Wednesday, December 15, 2010
My characters are usually people I would like to be. They are me—only smarter, funnier, prettier, more athletic, and more talented. But usually facing some kind of problem that I am so glad I don’t have to live through.
What is the quirkiest thing you have ever done?
I once rode on the shoulders of a unicyclist wearing a balloon helmet. And hey, guess what. I made one of the characters in Love Finds You in Sun Valley, Idaho a unicyclist too.
When did you first discover that you were a writer?
My mom was a writer, which I thought was the coolest thing in the world—especially when she wrote about me and I got my picture in Women’s World. But it was 4th grade when I really started embracing my creative writing assignments, and by embracing I mean reading them to the kids in the carpool on the way home and then pretending that I lost the assignment so I had to write another one…and another one. I got a lot of pleasure out of the process.
Tell us the range of the kinds of books you enjoy reading.
Kids books have to be my favorite.

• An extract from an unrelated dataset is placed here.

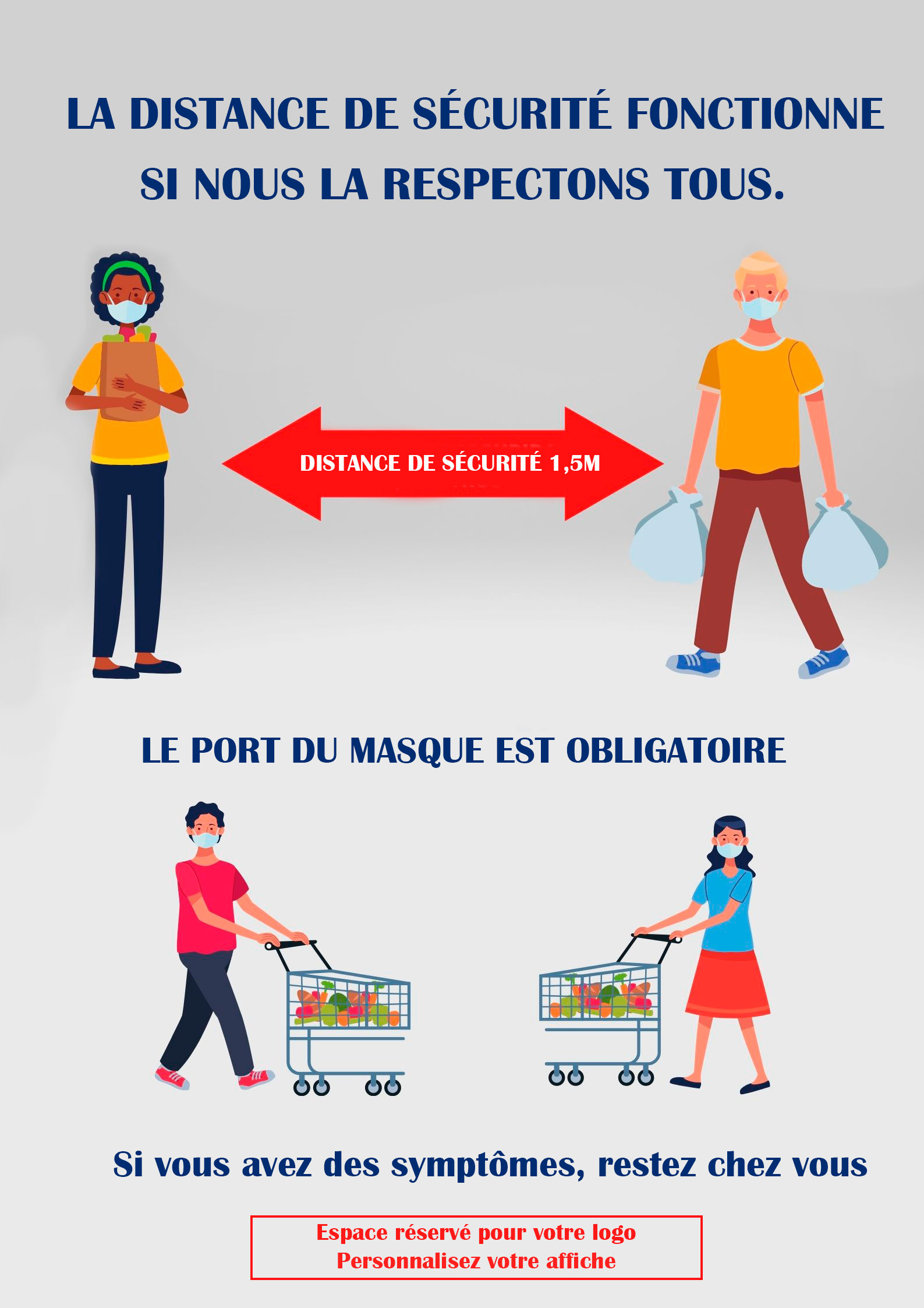 Affiche / Panneau de sensibilisation et prise de conscience face au COVID-19 « La distance de sécurité fonctionne si nous la respectons tous. Le port du masque est obligatoire« . Affiche idéale pour les grandes surfaces, commerces. Sensibilisation au respect des distances de sécurité et port du masque lors des courses alimentaires. Elle contient également la phrase » si vous avez des symptômes, restez chez vous« .

That’s what I originally started writing, and I have a middle grade novel titled The Water Fight Professional releasing summer of 2012. I also love women’s fiction and non-fiction. An element of romance is good, though it needs to be unpredictable. I like anything that is light-hearted and life-changing.
How do you keep your sanity in our run, run, run world?
I run, run, run until I trip and fall. Then I have to stay down there on my knees for a while. I probably should have figured out a better system than this by now, but I’m just glad that God meets me where I’m at.
How do you choose your characters’ names?
What is the accomplishment that you are most proud of?
I’m a dreamer so I live in the future. My favorite book is always my next one.
If you were an animal, which one would you be, and why?
I would be a dolphin. Dolphins are the happiest animals.
What is your favorite food?
I love homemade bread. It is my weakness. Like Kryptonite for Superman.
What is the problem with writing that was your greatest roadblock, and how did you overcome it?
I am bad at writing description—probably because when I read a book I skip over the description. As a reader I want to imagine the stories the way I want to imagine them. Plus description just slows things down. So I use a lot of analogy. I try to make it fun while evoking imagery. Laura Ingalls Wilder I am not.
Tell us about the featured book.
It’s a silly romance. Nothing really outstanding about the storyline itself, but the characters will suck you in. They steal the show. I want to write sequels just so I can hang out with them some more.
Please give us the first page of the book.
Tapping the brakes to turn off the cruise control in her rented Ford Escape, Emily squinted to read another historical marker located along the barren mountains of Hwy 75. Should she stop?
When growing up, Dad had always refused to take her to Sun Valley, Idaho. Said he’d rather avoid the snobs that visited such resorts. Of course he was referring to the rich and famous, the actors and actresses. Which ironically she now was. An actress anyway. Never a snob.
Too late. Lost in her memories, she hadn’t made the effort to pull over in time. Which was just as well. She could always visit the landmark later. For now she needed to get to the lodge. Thank goodness she’d have one night to rest before the flurry of filming swept her downstream—literally. She needed her rest after spending a week with Mom in her hometown of Boise, Idaho.
She also needed a bathroom and a hot meal. Spying a rustic restaurant snuggled next to a bend in the river, she pressed harder on the brakes before swinging onto the gravel side road leading to The Point. The log building looked as if it were in need of some sprucing up, but by the number of cars parked out front, the food must make up for any lack of elegance.
Emily pulled the compact SUV into what might be considered a parking space and leaned over the passenger’s side to pull her purse from underneath a sweatshirt. Since it was July, she’d only brought summer clothes, but Mom had pretended to be practical for a moment and insisted she take the ugly orange Boise State hoodie. Of course, it was always good to be prepared.
I know what you mean. I miss the characters I just finished writing about, but they'll be back in book three of my series. How can readers find you on the Internet?
http://www.angelameuser.com/ (Started my website before I chose my pen name Angela Ruth. Gotta do something about that soon.)
Thank you, Angela, for the delightful interview.